[webkit-dev] Growing tired of long build times? Check out this awesome new way to speed up your build... soon (HINT: It's not buying a new computer)

Michael Catanzaro mcatanzaro at igalia.com
Tue Aug 29 17:14:50 PDT 2017


On Tue, Aug 29, 2017 at 3:22 PM, Olmstead, Don <Don.Olmstead at sony.com> 
wrote:
> Sure but in a corporate environment it can be a really big win. All 
> of our developers have their machines hooked up to the distributed 
> build system and we also have servers hanging out that can be used in 
> the build. This sort of thing doesn't require anyone to change how 
> they write their code which is something a unity build ends up 
> requiring.
> 
> In terms of WebKit development the only places it falls apart are in 
> the source code generation and the link.
> 
> Really I was just curious if anything like that was discussed because 
> all of this requires pretty big changes to source code. Additionally 
> there's other fun things that can happen around includes when doing a 
> unity build where a file will stop being able to be built in 
> isolation. The same thing has happened with WebCorePrefix where a 
> number of files can't be built without it.
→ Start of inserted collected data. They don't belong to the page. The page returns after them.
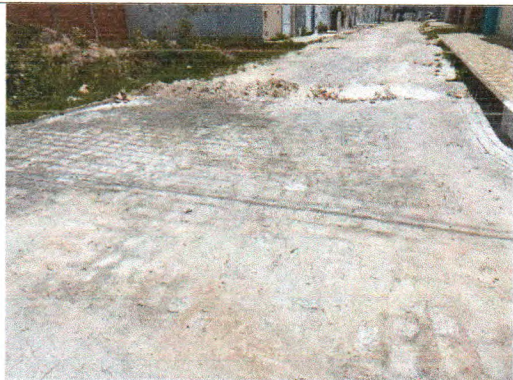
RUA VACA ESTRELA MEU BOI FUBÁ
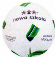
VO0036 piłka nożna 7
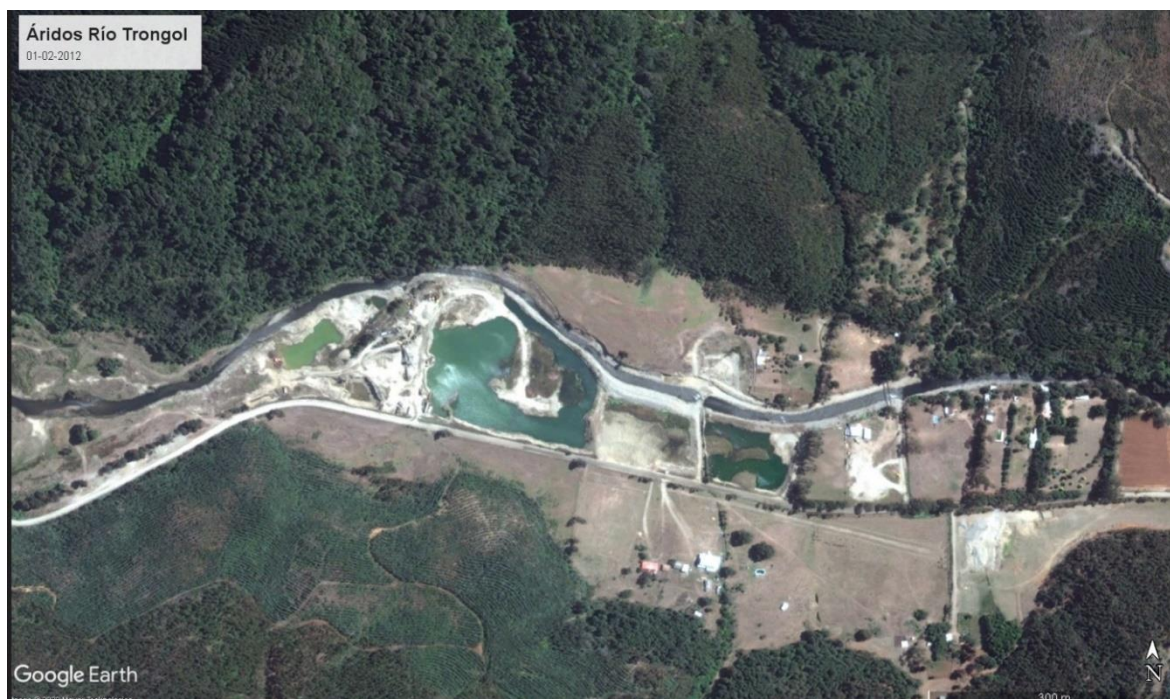
Imagen 2. Imagen satelital de fecha 1 de febrero de 2012

18° En ese contexto, y para efectos de determinar desde cuándo comenzó a producirse el hecho infraccional, se examinó el registro de la primera imagen satelital de Google Earth disponible, posterior a la fecha de inicio de actividades de la empresa en el SII -6 de enero de 2012-, obteniendo como resultado la siguiente imagen:
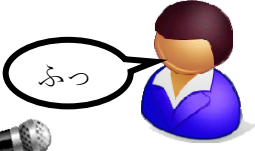
iPad 対応の市販マイク

②入力したい文字が含まれている所にカーソルが合った時に息を吹きます。「や」を入力する場合、5回目の点滅で息を吹きかけます。

I think Keith's new plan for unity builds, which doesn't require major 
changes to our source code, should work out fine, and hopefully save us 
from investing in Threadrippers....

Now, distributed builds are a great idea. We use them at Igalia. A 
couple years ago, when we had enough laptops in the office at the same 
time, I saw a clean build of WebKit performed in under five minutes! 
The main limitation is they are not useful for individual contributors. 
GNOME developers complain all the time about how long it takes to build 
WebKit. Distributed builds won't help there. They also don't help 
distributed workers. Most of us at Igalia work from home and only 
benefit from distributed builds when visiting our office.
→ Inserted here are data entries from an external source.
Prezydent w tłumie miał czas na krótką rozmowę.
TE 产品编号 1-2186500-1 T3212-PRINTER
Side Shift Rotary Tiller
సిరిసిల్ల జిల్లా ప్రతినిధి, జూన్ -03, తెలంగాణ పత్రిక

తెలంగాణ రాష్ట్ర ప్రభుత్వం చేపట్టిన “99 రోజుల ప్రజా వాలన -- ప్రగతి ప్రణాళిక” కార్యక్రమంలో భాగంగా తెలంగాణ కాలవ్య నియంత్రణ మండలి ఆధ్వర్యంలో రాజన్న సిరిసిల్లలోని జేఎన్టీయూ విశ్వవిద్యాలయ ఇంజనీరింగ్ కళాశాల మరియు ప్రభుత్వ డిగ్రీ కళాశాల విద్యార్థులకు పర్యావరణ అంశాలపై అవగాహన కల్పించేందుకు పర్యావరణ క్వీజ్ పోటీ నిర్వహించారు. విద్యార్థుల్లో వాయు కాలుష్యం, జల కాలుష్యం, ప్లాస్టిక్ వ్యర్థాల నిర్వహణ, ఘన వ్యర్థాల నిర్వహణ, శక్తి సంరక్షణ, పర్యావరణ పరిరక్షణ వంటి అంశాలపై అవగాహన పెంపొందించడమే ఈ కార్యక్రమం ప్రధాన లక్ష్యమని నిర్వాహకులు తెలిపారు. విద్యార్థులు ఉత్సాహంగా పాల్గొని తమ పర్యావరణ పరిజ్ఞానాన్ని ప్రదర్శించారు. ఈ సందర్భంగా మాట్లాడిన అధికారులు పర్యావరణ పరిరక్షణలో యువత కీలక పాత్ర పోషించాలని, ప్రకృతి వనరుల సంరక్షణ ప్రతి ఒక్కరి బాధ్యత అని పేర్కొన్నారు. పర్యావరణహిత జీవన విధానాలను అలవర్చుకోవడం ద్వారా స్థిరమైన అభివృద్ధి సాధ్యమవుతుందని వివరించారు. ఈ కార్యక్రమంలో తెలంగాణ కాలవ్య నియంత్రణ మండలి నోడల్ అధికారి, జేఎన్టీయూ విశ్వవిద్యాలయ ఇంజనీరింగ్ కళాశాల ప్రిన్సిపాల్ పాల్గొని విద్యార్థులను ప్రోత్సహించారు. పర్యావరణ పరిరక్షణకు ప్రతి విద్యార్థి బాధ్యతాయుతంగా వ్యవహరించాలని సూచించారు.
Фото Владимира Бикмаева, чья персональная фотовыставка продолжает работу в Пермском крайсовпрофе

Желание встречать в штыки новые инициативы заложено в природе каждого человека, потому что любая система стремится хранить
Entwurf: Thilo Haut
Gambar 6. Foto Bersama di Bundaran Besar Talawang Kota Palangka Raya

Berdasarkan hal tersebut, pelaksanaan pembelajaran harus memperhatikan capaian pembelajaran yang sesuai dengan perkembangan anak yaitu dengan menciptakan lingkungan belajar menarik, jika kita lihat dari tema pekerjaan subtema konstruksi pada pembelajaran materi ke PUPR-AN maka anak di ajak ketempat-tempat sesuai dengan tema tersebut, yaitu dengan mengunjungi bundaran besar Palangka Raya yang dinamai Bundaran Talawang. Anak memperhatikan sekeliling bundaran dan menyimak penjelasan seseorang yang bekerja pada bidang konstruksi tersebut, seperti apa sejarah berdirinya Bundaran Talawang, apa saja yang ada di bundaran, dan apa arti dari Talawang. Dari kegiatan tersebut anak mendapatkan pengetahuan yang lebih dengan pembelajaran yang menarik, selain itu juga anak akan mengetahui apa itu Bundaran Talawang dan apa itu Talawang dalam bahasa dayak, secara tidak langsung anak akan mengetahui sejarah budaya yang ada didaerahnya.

We discussed distributed builds at the Contributor's Meeting two years 
ago. I believe the main limitation at the time was that they were not 
well-supported by XCode, and many Apple developers had only limited 
interest at the time in switching to CMake. Since the unified build 
proposal also requires CMake, it sounds like that situation may have 
changed. I would certainly recommend that Apple consider distributed 
builds *in addition* to switching to unified builds.

And then we can delete those XCode projects and have one build system 
to rule them all. Muahahaha! Evil laughter!